17. Bei der Durchführung der in den Abschnitten B und C genannten Verfahren muss mindestens eine der folgenden Bedingungen erfüllt sein:
a) Sie werden in Anwesenheit von Behördenvertretern durchgeführt;
b) sie werden in Wiegeeinrichtungen durchgeführt, die vollständig oder teilweise im öffentlichen Eigentum stehen oder von der öffentlichen Hand betrieben werden und speziellen Kontroll-, Inspektions- und Transparenzmechanismen unterliegen, um direkte oder indirekte Interessenkonflikte zu vermeiden, die die unparteiische Wahrnehmung ihrer Aufgaben beeinträchtigen könnten;
c) sie werden durch unabhängige Dritte durchgeführt, die die Mindestanforderungen gemäß Artikel 3 Absatz 3 der Durchführungsverordnung (EU) 2024/1474 erfüllen, vorbehaltlich spezieller Kontroll-, Inspektions- und Transparenzmechanismen;
d) es werden alternative Kontrollmaßnahmen gemäß Nummer 19 eingesetzt, die auf einem Risikomanagement beruhen und die Einhaltung der Abschnitte B und C sicherstellen, wie z. B. die Verwendung elektronischer Fernüberwachungssysteme (REM) mit Videoüberwachung (CCTV) oder gleichwertige Technologie. Solche Maßnahmen müssen der Kommission gemäß Artikel 10 Absatz 2 Buchstabe d vorgelegt werden.

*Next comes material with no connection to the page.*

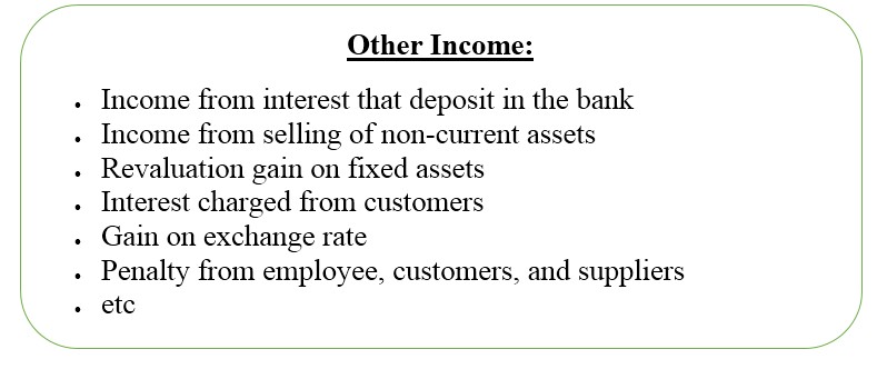 Those incomes included a gain on disposal of assets, gain on revaluation of assets, interest incomes from sales on credit which is overdue, interest from the savings account, interest from fixed deposit, and similar kinds.

18. Werden REM-Systeme mit CCTV gemäß Nummer 17 Buchstabe d verwendet, so müssen die zuständigen Behörden des Wiegemitgliedstaats
a) ihre Installation überprüfen, um die Wirksamkeit solcher Systeme für die Überwachung des Wiegens, der Probenahmen und der Fangaufzeichnungen sicherzustellen;
b) Zugriff auf die Aufzeichnungen haben und
c) im Rahmen der Kontroll- und Inspektionsmaßnahmen gemäß Artikel 8 eine Mindestanzahl von CCTV-Aufzeichnungen überprüfen.
19. Die Mitgliedstaaten können alternative Anforderungen zu den unter den Nummern 4, 7, 8, 13, 14, 15 und 17 dieses Anhangs festgelegten Anforderungen beantragen, sofern diese alternativen Anforderungen die folgenden Bedingungen erfüllen:
a) Sie betreffen besondere Situationen im Zusammenhang mit
b) sie gewährleisten dasselbe oder ein höheres Maß an Genauigkeit im Hinblick auf die Ergebnisse des Wiegens und der Fangaufzeichnungen.